The policy of non-alignment was established on three very sound theoretical and practical considerations. First, the entire history of India shows that India always championed the cause of peaceful co-existence. India never subscribed to expansionist power politics. Upnishads, Gita, Buddha, Ashoka and Gandhi have been exponents of the philosophy of peace. Thus, non-alignment was naturally expected as the political expression of India's traditional philosophy of peace. If the countries of the world could look towards any nation to lead them to an era of peace and co-operation, it had to be India and India alone.
Secondly, the exigencies of international power-politics demanded the policy of non-alignment.
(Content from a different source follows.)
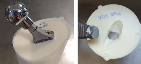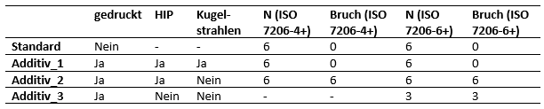 Sämtliche drei Hüftschäfte ohne Nachbehandlungsverfahren (Additiv_3) brachen bei 5,34 KN während der Testung nach ISO 7206-6+, wobei die Zyklenzahl bis zum Bruch geringer war verglichen mit Additiv_2.
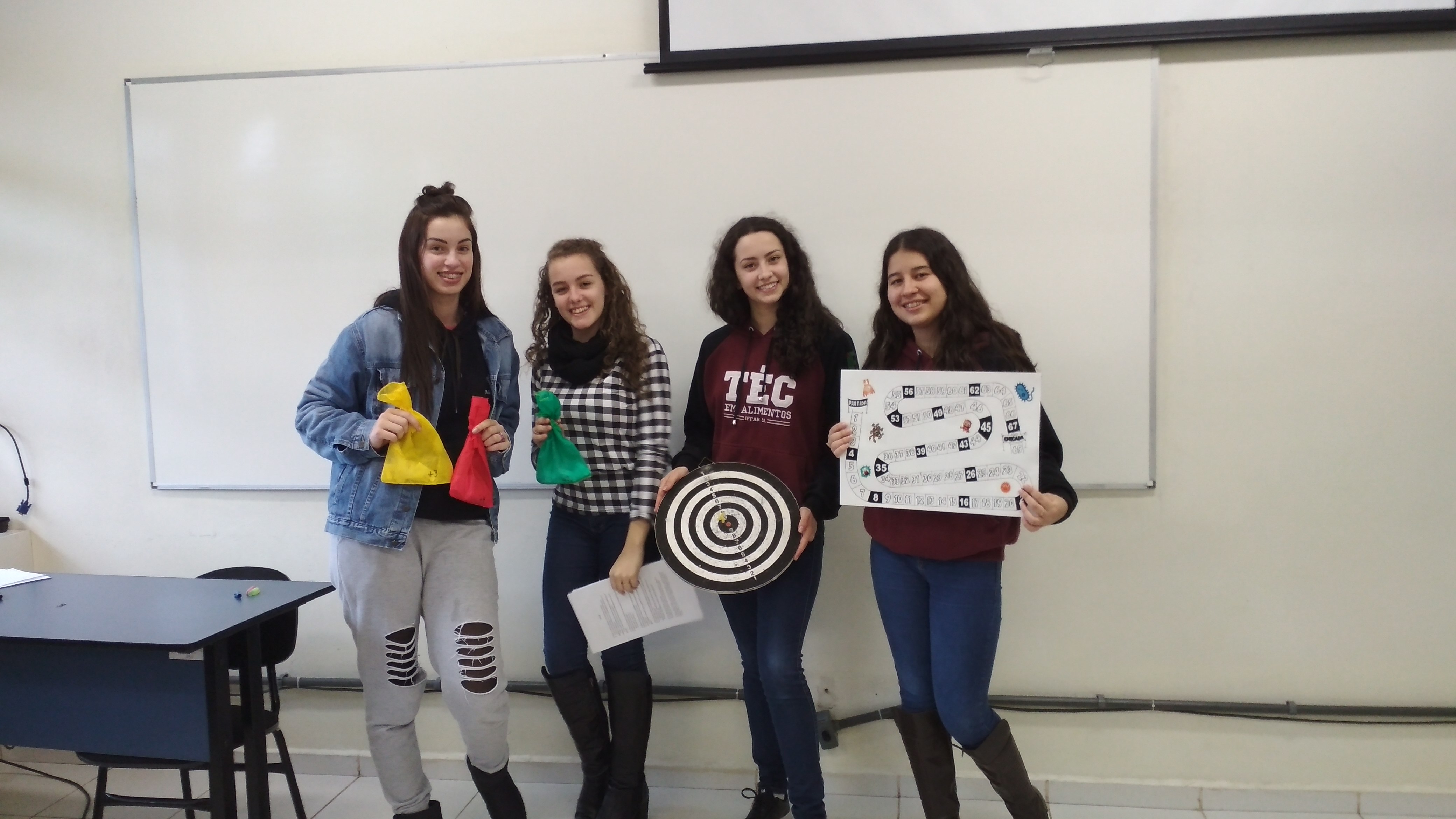 Apesar da estrutura de laboratórios existente no IFFar – Campus Santo Augusto, algumas associações práticas relacionadas ao assunto não podem ser realizadas e necessitam de um embasamento teórico, para que o aluno entenda as relações e consequências da presença de microrganismos nos alimentos, pensando nisso a professora Cíntia Guarienti está desenvolvendo ao longo desse ano o projeto de ensino, “Produção de jogos didáticos para o ensino de microbiologia e conservação de alimentos”, tendo como bolsista a estudante, Luana Vitória Barcellos da Silva e como voluntário o estudante, Lucas Bettio.

In a hostile world torn by armed sections, it was an extremely prudent policy to strengthen areas of peace to wean away as many nations as possible from military alliances. Consolidation of peace areas diffused tension and acted as a deterrent to the clash of the two power groups.
Thirdly, India as a developing nation could hardly afford, to get entangled in military alliances of rival power systems and get distracted from the principal task of socio-economic reconstruction. A newly emerged nation that had just embarked on the process of national reconstruction could hardly make itself a part of military pacts. To India, social welfare programmes were of primary importance, Thus India opted for the policy of non-alignment also as a necessity.
It was due to India’s non-aligned posture that the nation could play a significant role in bringing an end to the wars in North and South Korea by playing the role of a peace-maker. India in those days also played an important part in the solution of other disputes like Congo, Cyprus, Arab-Israel, etc.